Written on by Mindy Haas

If you are anything like us here at Voice and Vision, you are eagerly anticipating the extra-long holiday weekend. As our gift to you, we want to send you off with some fun Christmas facts. Please feel free to use them for interesting conversation starters at your gatherings. (You’re welcome).

The origins of Christmas stem from both the pagan and Roman cultures. The Romans actually celebrated two holidays in the month of December. The first was Saturnalia, which was a two-week festival honoring their god of agriculture Saturn. On December 25th, they celebrated the birth of Mithra, their sun god. Both celebrations were raucous, drunken parties.

Also in December, in which the darkest day of the year falls, the pagan cultures lit bonfires and candles to keep the darkness at bay. The Romans also incorporated this tradition into their own celebrations.

As Christianity spread across Europe, the Christian clergy were not able to curb the pagan customs and celebrations. Since no one knew Jesus’s date of birth, they adapted the pagan ritual into a celebration of His birthday.

As part of the solstice celebrations, the pagan cultures decorated their homes with greens in anticipation of the spring to come. Evergreen trees remained green during the coldest and darkest days, so they were thought to hold special powers. The Romans also decorated their temples with fir trees during Saturnalia and decorated them with bits of metal. There are even records of the Greeks decorating trees in honor of their gods. Interestingly, the first trees brought into the pagan homes were hung from the ceiling, upside down.

The tree tradition we are accustomed to today hails from Northern Europe, where Germanic pagan tribes decorated evergreen trees in worship of the god Woden with candles and dried fruit. The tradition was incorporated into the Christian faith in Germany during the 1500’s. They decorated trees in their homes with sweets, lights, and toys.

Inspired by St. Nicholas, this Christmas tradition has Christian roots, rather than pagan ones. Born in southern Turkey around 280, he was a bishop in the early Christian church and suffered persecution and imprisonment for his faith. Coming from a wealthy family, he was renowned for his generosity towards the poor and disenfranchised.
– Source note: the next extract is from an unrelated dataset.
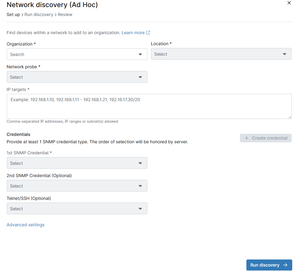 - Se abrirá el modal de configuración de Detección de red (Ad Hoc). En las listas desplegables, seleccione una organización y una ubicación. Si una organización solo tiene un área, el campo Ubicación debería rellenarse automáticamente en función de la organización elegida.

The legends surrounding him abound, but the most famous is how he saved three daughters from being sold into slavery. There was no dowry to entice a man to marry them, so it was their father’s last resort. St. Nicholas is said to have tossed gold through an open window into the home, thus saving them from their fate. Legend has it that the gold landed in a sock drying by the fire, so children started hanging stockings by their fires in hopes St. Nicholas would toss gifts into them.

In honor of his passing, December 6th was declared St. Nicholas day. As time went on, each European culture adapted versions of St. Nicholas. In Swiss and German cultures, Christkind or Kris Kringle (Christ child) accompanied St. Nicholas to deliver presents to well-behaved children. Jultomten was a happy elf delivering gifts via a sleigh drawn by goats in Sweden. Then there was Father Christmas in England and Pere Noel in France. In the Netherlands, Belgium, Luxembourg, Lorraine, France, and parts of Germany, he was known as Sinter Klaas. (Klaas, for the record, is a shortened version of the name Nicholas). This is where the Americanized Santa Claus comes from.
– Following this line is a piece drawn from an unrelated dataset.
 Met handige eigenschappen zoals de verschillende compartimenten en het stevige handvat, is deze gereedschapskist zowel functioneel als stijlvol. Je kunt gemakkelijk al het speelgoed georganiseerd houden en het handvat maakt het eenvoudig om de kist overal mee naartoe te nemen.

Christmas in early America was a mixed bag. Many with Puritan beliefs banned Christmas because of its pagan origins and the raucous nature of the celebrations. Other immigrants arriving from Europe continued with the customs of their homelands. The Dutch brought Sinter Klaas with them to New York in the 1600’s. The Germans brought their tree traditions in the 1700’s. Each celebrated their own way within their own communities.

It wasn’t until the early 1800’s that the American Christmas began to take shape. Washington Irving wrote a series of stories of a wealthy English landowner who invites his workers to have dinner with him. Irving liked the idea of people of all backgrounds and social status coming together for a festive holiday. So, he told a tale that reminisced about old Christmas traditions that had been lost but were restored by this wealthy landowner. Through Irving’s story, the idea began to take hold in the hearts of the American public.
In 1822, Clement Clark Moore wrote An Account of a Visit from St. Nicholas for his daughters. It’s now famously known as The Night Before Christmas. In it, the modern idea of Santa Claus as a jolly man flying through the sky on a sleigh took hold. Later, in 1881, the artist Thomas Nast was hired to draw a depiction of Santa for a Coke-a-Cola advertisement. He created a rotund Santa with a wife named Mrs. Claus, surrounded by worker elves. After this, the image of Santa as a cheerful, fat, white-bearded man in a red suit became embedded in American culture.

After the civil war, the country was looking for ways to look past difference and become united as a country. In 1870, President Ulysses S. Grant declared it a federal holiday. And while Christmas traditions have adapted with time, I think Washington Irving’s desire for unity in celebration lives on. It’s become a time of year where we wish others well, donate to our favorite charities, and give presents with a joyful spirit.

So, where ever you may be, and whatever traditions you follow, we wish you the merriest of Christmases and the happiest of holidays!